Photo credit: Reuters

Sunday, June 2, 2013

Naimatullah's Sense of Justice

Dear Mr. President,
Naimatullah has been searching since November 20 for his brothers, Sediqullah, and Estmatullah. They disappeared in an American Special Forces raid on the village of Amer Kheil in the Nerkh district of Wardak province and were last seen being taken into the Special Forces base camp nearby. Naimatullah found his brothers yesterday—or what was left of them—buried outside that base (today’s NYT, p. A4). After 2 other bodies were dug up on Thursday, villagers kept digging until they found Sediqullah and Estmatullah. Like Nawab (my May 29 letter), they had been blown up and only bits of bone, flesh and clothing were left to identify them but there’s no doubt in Naimatullah’s mind that they were his brothers. They were among 17 men taken from the area by Special Forces; 14 have been recovered so far. The military denies any involvement in their deaths in spite of a video showing some of the men being tortured and killed by Zakaria Kandahari (with American voices in the background). Afghan authorities say Kandahari is an Afghan-American; Americans claim he’s a low-level Afghan translator.

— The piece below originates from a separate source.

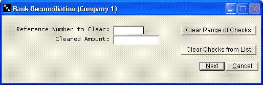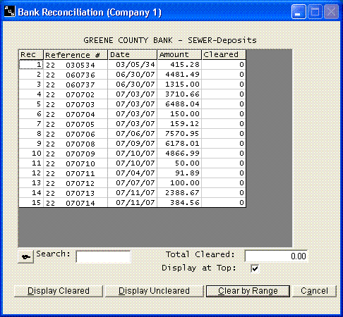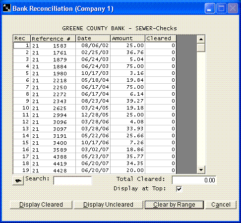 You have multiple options for clearing the checks. If your bank statement lists the cleared checks in numeric order and marks any skipped numbers with an *, etc., it is very easy to clear the checks using the Clear Range of Checks. Clear Range of Checks Clear From List The Clear From List option will display a list and allow you to check the ones that have cleared You also have the option to select individual checks to clear. To clear a check, simply click on the check to be cleared. To unclear a check, click on the check a second time. You should be a running total of the checks cleared. It should agree with total checks cleared on the bank statement. You can click on Display Cleared to see just the cleared checks. You can click on Display Un-cleared to view the remaining un-cleared checks. If you choose to Clear By Range, it simply returns you to the options shown on the previous screen. The Display at Top option always keeps the last cleared check at the top of the grid. It is much easier to find a check when you don't have to scroll up and down to look for it. Once all checks have

Mysteriously, Kandahari disappeared, the Afghans claim with help from the Americans—which the Americans deny—and the military’s sticking to its story that there’s no evidence U.S. forces were involved although they refuse to release the results of internal investigations. Naimatullah, however, no longer cares about official investigations; his brothers are dead and he asks, “If my brothers were guilty, if they were criminals or Taliban, which court proved that? Which law allowed them to kill my brothers and dump their bodies in the middle of nowhere?” This is a question we should all be asking: What gives America the right to kill anyone anywhere with impunity? Where’s the evidence Sediqullah and Estmatullah were a threat to the U.S.? What law justified the torture and murder of those 17 Afghans that Special Forces rounded up? What law justified last Wednesday’s CIA drone strike in North Waziristan that killed 4 people—a “courtesy killing” of someone the Pakistanis wanted killed but who posed no threat to the U.S.? Or the drone strike yesterday in Yemen that killed 7? And by the way, Mr. President, what law gives you the right to order the force-feeding of hunger strikers in Guantanamo? Or even to be held without charge, without a trial and without evidence? An Afghan villager has a clearer sense of justice than a Nobel Peace Prize winning American president.